How malware identifies if its in a sandbox can include;

  • Guest additions(VMware tools and the like)
  • Device drives installed
  • Well known malware monitoring tools running in the background.
  • The MAC of the VM.
  • Traces in the registry for windows machines.
  • Process execution times.
  • Lack of host activity like downloaded apps, temporary files, browsing history etc.
  • The presence, or lack there of, of anti-virus applications.
  • The type of system its run on (CPU, Ram, HDD etc)

What are the problems with dynamic analysis?

There are a few problems, or challenges for the optimist, we need to be aware of with dynamic analysis.
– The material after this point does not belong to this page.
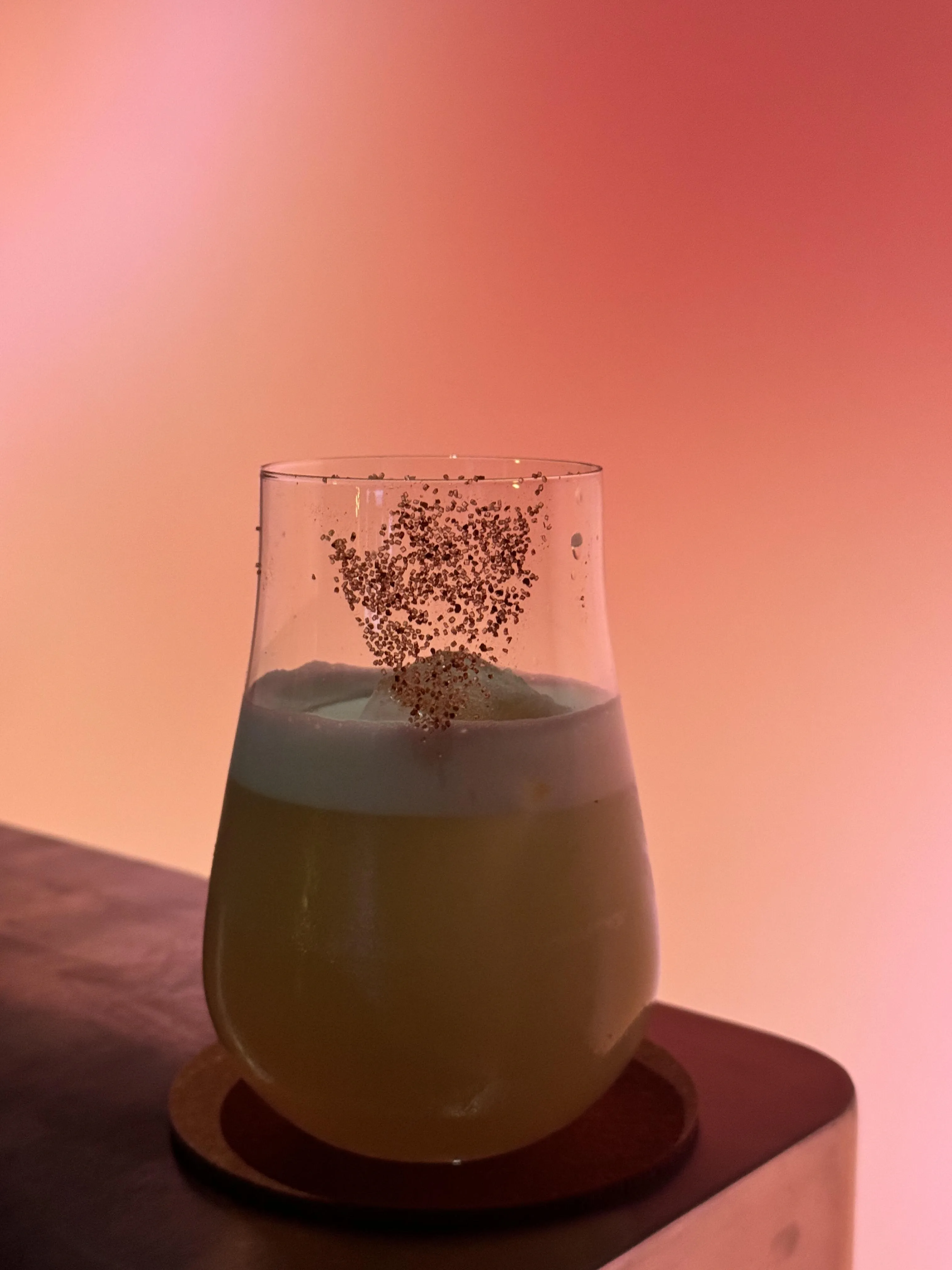 三叶草轶事是我最喜欢的一款。这是Clover Club的改编版,酒体融合了蜂蜜柚子的果香与黄油的奶香,上层的芝士则提供了咸香与独特的口感,层次非常丰富。

When we first run the file we don’t know what it will do. It may execute all its malicious code at once, or it may not. It might wait for a trigger event; like a particular time of day, a connection to a network, or for the user to do something. For example if we are analyzing a backdoor Trojan, it may just open a port and wait for the Remote Server to try to connect to it before doing anything else. We may also have to execute the program many times to find out all it does or how it affects the systems.

Dynamic Analysis Tools

File System and Registry monitoring: These tools, like process Monitor, allows us to see how processes read, write and delete registry entries and files.
Process monitoring: Process Explorer and Process Hacker help you observe processes started by an executable, including network ports opened!
Network Monitoring: Like wireshare allows us to observe network traffic for anything malicious the malware is trying to do. Including DNS resolution requests, bot traffic and downloads.
Change Detection: Regshot is a small program that lets us compare the systems state before and after the execution of a file – including registry changes. FCIV lets us compare file hashes of files before and after. Its also possible that puppet could be used for this.
DNS Spoofing: Inetsim is a tool that simulates a network so that malware interacting with a remote host continues to run, allowing is to observe its behavior further.

That said if anyone has some cool alternatives to these let me know! 🙂

Where possible always establish a baseline of what your machine should look like before the malware is executed so we can investigate changes.

Whats next?

The next step is to practice with the tools we have learned. This wont be something ill document as i find its always best to learn by doing.
The Zoo (https://github.com/ytisf/theZoo/tree/master/malwares/Binaries) is where i will get my malware. I have already setup my sandbox from our static analysis session. Next step will be running through all the monitoring tools one by one to explore how they work. Using snapshots build into Virtual Box i am going to assess the tools one at a team and after im finished i will rollback my snapshot and try an new tool.